Certainly, there are also some similarities between the US and Europe.
First, in both regions, the stock market transmits the highest return spillovers to renewable energy stocks, which far exceed the spillovers from fossil energies (natural gas, crude oil) to renewable energy stocks. This result implies that, overall, performance of the stock market has the most impact on renewable energy stock returns in the US and Europe, which is also consistent with previous research, such as that by Ferrer et al. [
19], Inchauspe et al. [
25], and Sadorsky [
26].
Second, in both regions, we found that the spillovers of return and volatility are contingent on frequency. Meanwhile most of the return spillovers concentrate in the highest frequency (1 to 5 days), while most of volatility spillovers concentrate in the lowest frequency (over 21 days), which indicates that the return shocks transmitted from fossil energy and financial variables to renewable energy stock will not exceed one week, while the volatility shocks have long-lasting effects on the renewable energy stocks’ volatilities.

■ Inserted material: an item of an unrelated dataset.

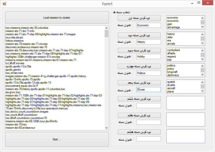 مثال: ما هزار عدد نشست داریم، سه دسته به نام های ورزشی، اقتصادی و سیاسی در نظر می گیریم، برای هر کدام از این سه دسته کلمات مناسب را از فایل مربوطه که در این پکیج وجود دارد در سیستم لود می کنیم. (بعد از خرید از راهنمای فارسی استفاده کنید). سپس با لود کردن نشست ها و اجرای برنامه تمام محتویات (صفحات)یکتای این هزار نشست در سه دسته اقتصادی و سیاسی و ورزشی دسته بندی می شوند.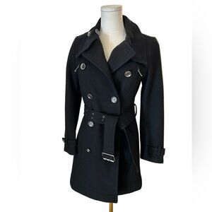 Double breasted jacket with front button closure. Fully lined. Detachable belt. Size 2.

On the other hand, since it would be insufficient to consider only spillovers in the whole sample, by using the rolling-window method, we also compared the dynamic spillovers in the US and Europe.
First, our results revealed that the return spillovers from all energy markets and financial variables to renewable energy stocks in both the US and Europe increased steadily during the 2008 global financial crisis and reached a peak during the European debt crisis period. Thereafter, the return spillovers to renewable energy stocks in both regions increased drastically after 2015 and 2018 because of the OPEC’s 2014 announcement that it would maintain production despite declining prices, and the China–US trade war, which led to stock and bond market instability from 2018. He et al. [
41] and Bhardwaj et al. [
42] also stated that the links between commodity and financial markets would increase during periods of financial turmoil. A plausible explanation is that market participants review and process any positive or negative information more thoroughly during a period of high uncertainty, thus stimulating an increase in spillovers to renewable energy stocks.
Second, in contrast to the relative smoothness of return spillovers, volatility spillovers change more rapidly, especially when extreme market events erupt. This finding further implies that the total volatility spillover is more sensitive to extreme events. Hence, in order to reduce risk spillovers when confronted with market crises, fundamental measures should be taken by policy-makers. Meanwhile, we found that many extreme market events, such as the 2008 global financial crisis, the 2011 European debt crisis, OPEC’s 2014 announcement, and the 2018 China–US trade war, caused fluctuations or sharp increases in volatility spillovers in both the US and Europe. However, there are also some extreme events, such as the Brexit referendum in 2016, that influenced volatility spillovers, mostly across European markets.
Amid the profound changes unfolding in global financial markets, our findings may provide useful insights into the risk management, portfolio diversification of investment, and hedging strategies for renewable energy investors with different investment horizons in the US and Europe. Also, there are still some problems that need to be resolved in the future. For instance, we can investigate the reason why the time-varying spillover effects exist during the sample period. This could be a future study direction.